Your Privilege
Kendra Ross
26823

What this discussion entails which isn’t spoken of enough is that the Empathy you seek of me requires me to use my privilege. If im going to convince other men to think twice about their ways I have to use my privilege. If I’m going to aggressively stop someone being mean or sexist to you I’m going to have to use my privilege. My wife and child at home expect me to use that privilege to win as much bread as possible as the husband because we need it to maintain our lifestyle and pay the bills.

My privilege isn’t the problem. The women in my life need it as much as I do. The point here is you cant have real equality and empathy at the same time. Those 2 concepts don’t mix well. You can either fight equality in which case it’s a dog fight and you don’t expect anyone to help you out or you can ask for empathy understanding that the person who has to help you has an advantage you don’t have that you in turn can take advantage of.

It’s the double standard entailed in both asking me to check my privilege and at the same time empathize with you and do something about the other (few) men who are sexist to you, that rubs most men the wrong way.

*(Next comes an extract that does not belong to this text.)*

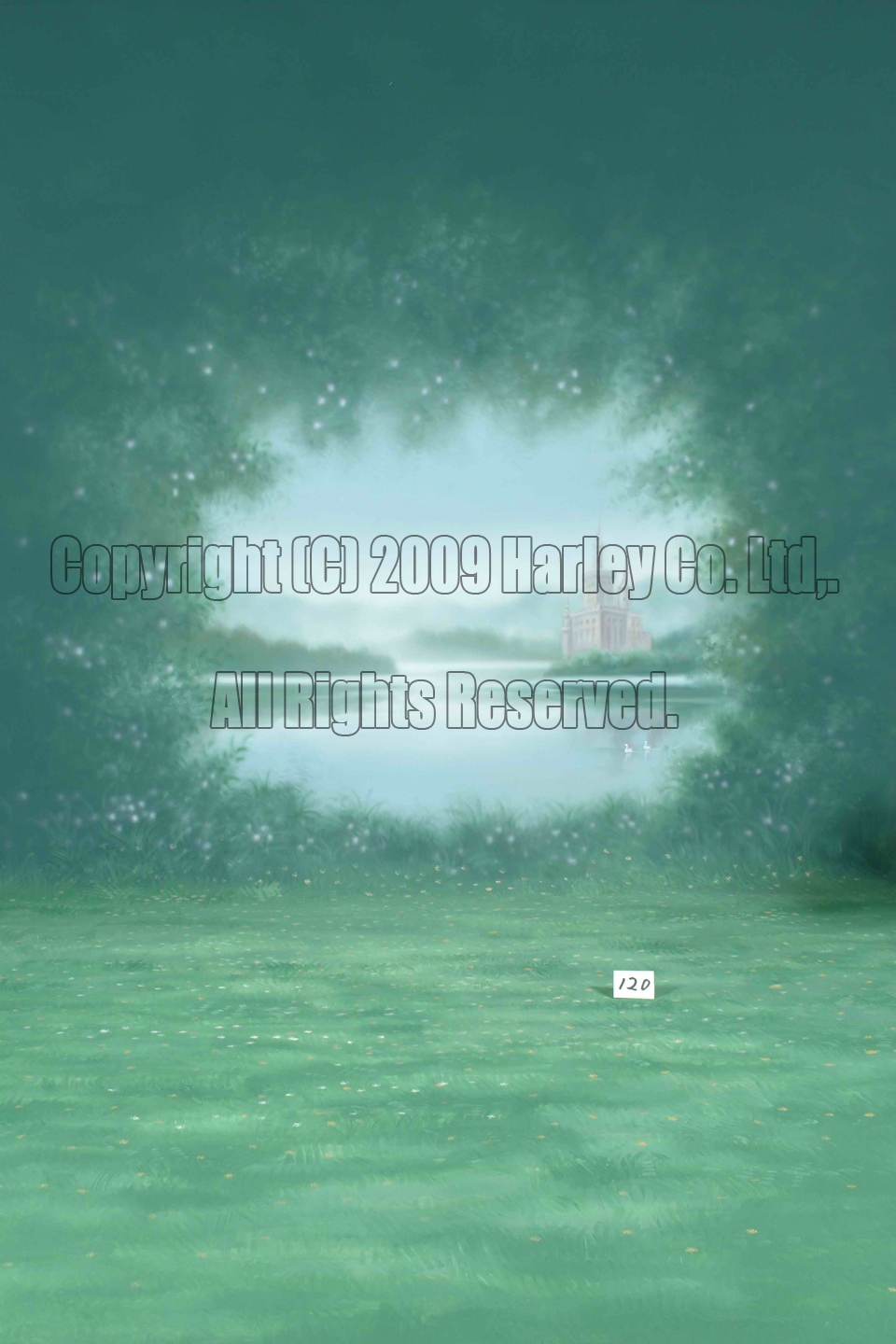 絵バック 3×7m No.0120¥330,000ファンタジーな雰囲気を演出した絵バック。森の中から湖畔に建つお城が見えます。キッズやドレス、七五三、もちろんブライダルにも最適です。

So lets agree on somethings. You need my help or at the least my empathy. Women need to agree you can’t win this battle on your own. You need me to be a good man and use my privilege for a greater good. Take note that this will also mean you agree that I have an unassailable advantage in this one area. Are you women willing to agree to that. Can you handle the truth that some inequality between men and women must remain for you to achieve your aims. Else we leave you to it to battle the (few) sexist men and see if you can change them by education (this will require you to understand that the way you teach a life lesson to a male may be different to how you teach it to a female) while I grab some popcorn…you know since we are all equal n all.